Ensuite l’expérience montre que la Médiation du crédit n’est pas connue de toutes les TPE et que les banques doivent en informer les TPE qu’il est possible d’y avoir recours en cas de refus.

Voilà encore du lien à créer !

4 – L’application des préconisations du guide de l’AMF pour redynamiser les centre villes

L’association des maires de France, le ministère de l’économie et le Conseil du commerce de France ont publié un guide pour revitaliser les centres-villes. Il y a là floraison de conseil et de retour d’expérience.

Il n’est jamais évoqué et il n’est pas connu. Ne perdons pas de temps, ne cherchons pas à réinventer la roue alors qu’elle existe.

Ce guide recommande aux communes et aux communautés d’agglomération de travailler avec les représentants de TPE. Il manque donc autour de cette table les élus locaux concernés.

5 – L’adoption d’une fiscalité locale plus favorable aux artisans et commerçants.  

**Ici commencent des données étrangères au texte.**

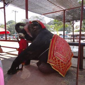 象乗り体験は初めてでしたが以外に柔らかい象の頭皮に可愛らしさを感じ、同時に飼育の人の持っていた鈎の付いた飼育棒が可愛そうで人間の勝手さが覗かれました。水害で多くの生き物が被害を受けたそうで、私たちの使う少しのお金でも役に立って貰えれば良かったと思います。

Après la suppression de la taxe professionnelle en 2010, À partir de 2011, les collectivités perçoivent la contribution économique territoriale (CET), composée d’une cotisation foncière des entreprises (CFE) et d’une cotisation sur la valeur ajoutée des entreprises (CVAE).

Le taux de CFE est voté librement par les communes ou des regroupement communaux. Il y a donc une action de sensibilisation à mener pour trouver le juste équilibre entre les besoins des collectivités et l’équilibre financier des établissements artisanaux et commerciaux.

III – CONCLUSION  

N’étant pas partie à cette démarche lors de son lancement, je vous ai présenté un plan d’action global qui doit être enrichi et amélioré. Je pense que la démarche entamée ne doit pas se nourrir de feu de paille et de déclarations médiatiques.

Elle doit se nourrir d’humilité, d’écoute, de constance dans le travail et de propositions concrètes. C’est ce que j’ai tenté de faire au travers de cette contribution.